Sen tam 2 ay zaman zaman yazmak ve yazmamak arasında git-gel ve en sonunda mutfakta yemek yaparken önlüğünle otur pc başına. İşte bu denge özürlüsü şahıs benim :)

2 aydır ailemdeki her türlü baskıya karşın artık yazmak istemediğimi düşünmüştüm ve yazmak için hiç oturmadım pc başına. Tamam kendimi biliyorum maymun iştahlıyım,çabuk sıkılırım ama bu yazmama işi bende farklı bir yer almıştı 2 aydır.

Normalde hiç aklıma şunu yazsam bunu yazsam diye gelmezken içimde birşey sürekli kenarda birşeyler karalıyordu. Gördüklerini,duyduklarını,etkilendiklerini not ediyordu.

Bu süre zarfınca dostlarımın ve tanımadığım bir sürü eski/yeni arkadaşın bloglarını okudum,kimine yorum yaptım kimini yalnızca takip ettim. Ama farkettim ki birçoğumuzun ortak yaptığı birşey var.
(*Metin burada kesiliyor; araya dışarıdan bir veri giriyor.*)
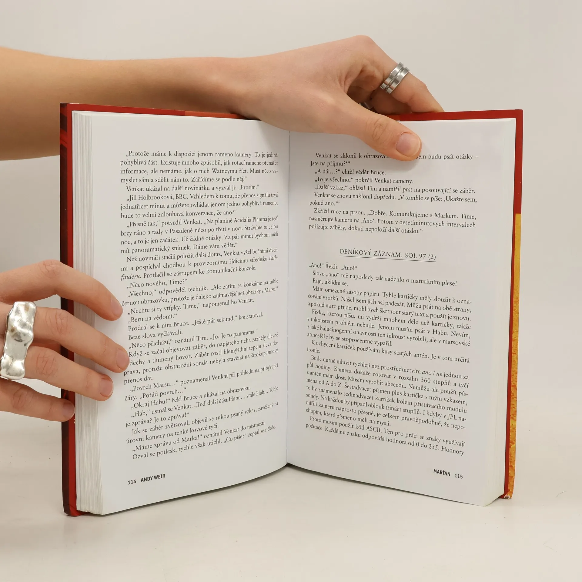 Je nejslavnějším mužem na Zemi. Má to však háček: není na Zemi… Před šesti dny se Mark Watney jako jeden z prvních lidí prošel po Marsu. Teď je přesvědčený, že bude prvním člověkem, který tam zemře. Málem zahynul v prašné bouři a zbytek jeho posádky odletěl v domnění, že je mrtvý. Mark nemá jak odeslat zprávu, že přežil. A i kdyby se s lidmi na Zemi spojit dokázal, zásoby mu dojdou mnohem dřív, než by stačila dorazit pomoc. Mark se však nevzdává. Vyzbrojen pouze svým důvtipem, technickými dovednostmi a nevyčerpatelným smyslem pro humor, který se pro něj stane nejcennějším zdrojem síly, se pouští do tvrdošíjného boje o přežití. Jak zdolává jednu zdánlivě nepřekonatelnou překážku za druhou, začíná věřit, že by na cizí planetě přece jen mohl obstát. Jenže Mars mu ještě přichystá nejedno překvapení… Strhující, podmanivý a přesvědčivý příběh o lidské nezdolnosti a vynalézavosti tváří v tvář beznadějné situaci obletěl celý čtenářský svět a ve všech zemích, kde vychází, sklízí nadšený ohlas. Zaujal i filmové tvůrce, režisér Ridley Scott točí adaptaci s Mattem Damonem v hlavní roli.

Hayatımızı göz önüne sermek. Kimi insan bunu,duygularını yazarak yapmış kimi de evini eşyasını elbisesini çantasını vs.

Evlendik adlı yazımda gelen bir yoruma 'evimin fotolarını sonra eklerim' gibisinden birşey yazmıştım. Az evvel düşündüm de hayır ben bunu yapmamalıyım. Çünkü bu 2 ay süresince okuyupta içimde kalan birşey oldu. Bir bebek patiği! Evet evet bir patik.

Günlerdir bunu düşünüyorum yalnız kaldıkça. Ben bebeğime o patikten alacak duruma gelmeden anne olmamalımıyım? Ama öyle güzel ki,benim bebeğim o patikten haketmiyormu?
Kendi kendime düşündüm durdum bunu.

Sonra ben aynı şeyi yaptımmı acaba diye bir düşündüm. İnsanların ulaşamayacağı yada beklentilerini yükseltecekleri birşeyi sayfamda yayınlayıp onları üzdümmü acaba. Benimde bunu yapan dostlarım var ve biliyorum ki asla kötü niyetle yapmıyorlar. Amacımız tek;paylaşmak!
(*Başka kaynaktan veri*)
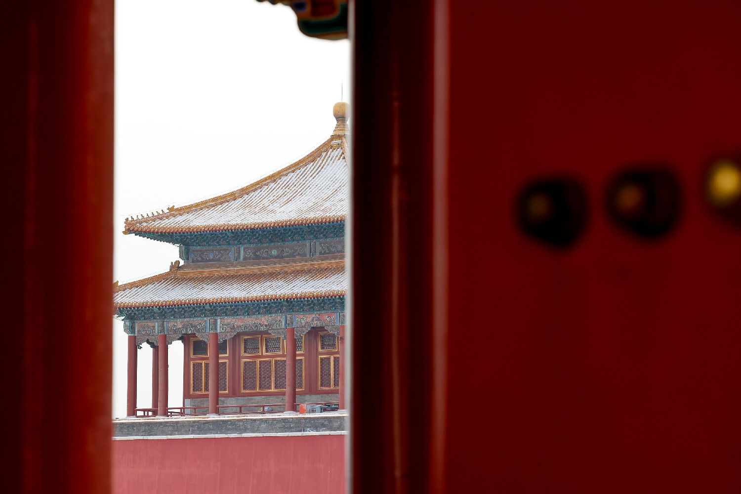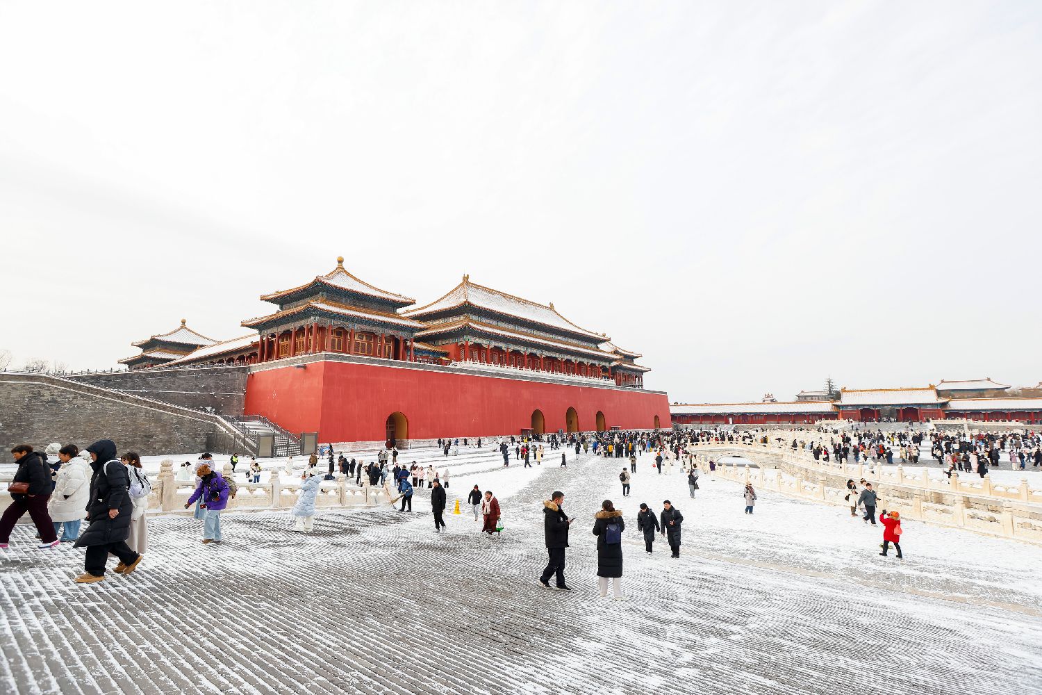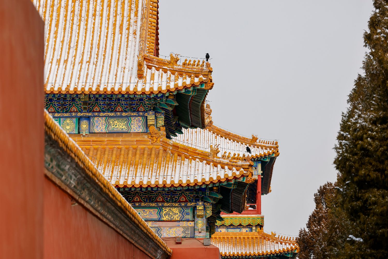 红墙金瓦与白雪交织的中式浪漫

Ama ya ben şimdi bana ait herhangi birşeyin resmini buraya eklersem ve ona sahip olmayan yada hayatı boyunca sahip olamayacak insanları üzersem? İşte benim amacım burada dibe iniyor,ben insanları üzmek için değil mutlu etmek için yazıyorum. Bu nedenle anladım ki ben,eşimle olan ilişkimi buraya yazmamalıyım,evimi elbisemi tatilimi buraya yazmamalıyım. Bunu gerçekten hakedipte (belkide benden çok) sahip olamamış insanı üzüp,beklentilerini yükseltmemeliyim. Çokmu zenginim? Hayır! Ama daha büyük zenginliklerim var ve yaşamımda bunu çok hakedipte kavuşamamış insanlarda var.

Eğer bugüne kadar eklediğim bir resimle,bir sözle yada herhangi birşeyle kafasını günlerce meşgul ettiğim,üzüntü duymasını sağladığım insanlar varsa onlardan özür diliyorum. Biliyorum,iyi bir yüreğe sahipsek hepsinin en güzelini hakediyoruz. Umarım en kısa zamanda da olur.